The returned probability is exact, implemented by unwinding the recursive function definitions presented in [4] (class javadoc).

Parameters:
d - D-statistic value
n - first sample size
m - second sample size
strict - whether or not the probability to compute is expressed as a strict inequality
Returns:
probability that a randomly selected m-n partition of m + n generates $$D_{n,m}$$ greater than (resp. greater than or equal to) d
• #### approximateP

public double approximateP(double d,
int n,
int m)
Uses the Kolmogorov-Smirnov distribution to approximate $$P(D_{n,m} > d)$$ where $$D_{n,m}$$ is the 2-sample Kolmogorov-Smirnov statistic. See kolmogorovSmirnovStatistic(double[], double[]) for the definition of $$D_{n,m}$$.

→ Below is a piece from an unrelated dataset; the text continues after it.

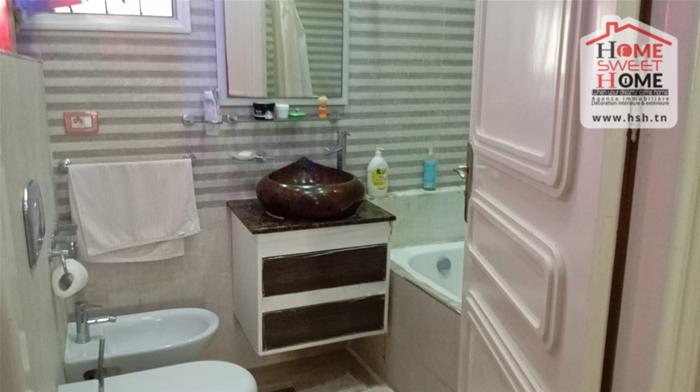 Une villa plain-pied d’une superficie de 197m², située à Raoued. On a deux salons , une salle à manger, une cuisine équipée avec séchoir, 3 chambres et une salle de bain. À l’extérieur, on a un abri de voiture, un jardin, une terrasse et une double cuisine avec une salle a manger .Il y a possibilité de bâtir deux autres étages de villa.
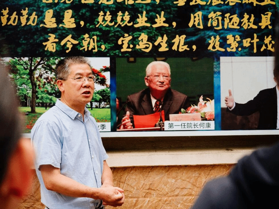 在米兰milan官方网站儋州校区,管委会主任王联春教授为学生们讲述老一辈海大人创业兴校的历史故事,并参观了儋州校区一些历史性建筑。同学们被老一辈海大人艰苦创业精神深深感动,纷纷表示,自己拥有这样好的学习条件,更应该好好学习,报效国家!

Specifically, what is returned is $$1 - k(d \sqrt{mn / (m + n)})$$ where $$k(t) = 1 + 2 \sum_{i=1}^\infty (-1)^i e^{-2 i^2 t^2}$$. See ksSum(double, double, int) for details on how convergence of the sum is determined.

Parameters:
d - D-statistic value
n - first sample size
m - second sample size
Returns:
approximate probability that a randomly selected m-n partition of m + n generates $$D_{n,m}$$ greater than d
• #### monteCarloP

public double monteCarloP(double d,
int n,
int m,
boolean strict,
int iterations,
org.apache.commons.rng.UniformRandomProvider rng)
Uses Monte Carlo simulation to approximate $$P(D_{n,m} > d)$$ where $$D_{n,m}$$ is the 2-sample Kolmogorov-Smirnov statistic. See kolmogorovSmirnovStatistic(double[], double[]) for the definition of $$D_{n,m}$$.

The simulation generates iterations random partitions of m + n into an n set and an m set, computing $$D_{n,m}$$ for each partition and returning the proportion of values that are greater than d, or greater than or equal to d if strict is false.

Parameters:
d - D-statistic value.
n - First sample size.
m - Second sample size.
iterations - Number of random partitions to generate.
strict - whether or not the probability to compute is expressed as a strict inequality
rng - RNG used for generating the partitions.
Returns:
proportion of randomly generated m-n partitions of m + n that result in $$D_{n,m}$$ greater than (resp. greater than or equal to) d.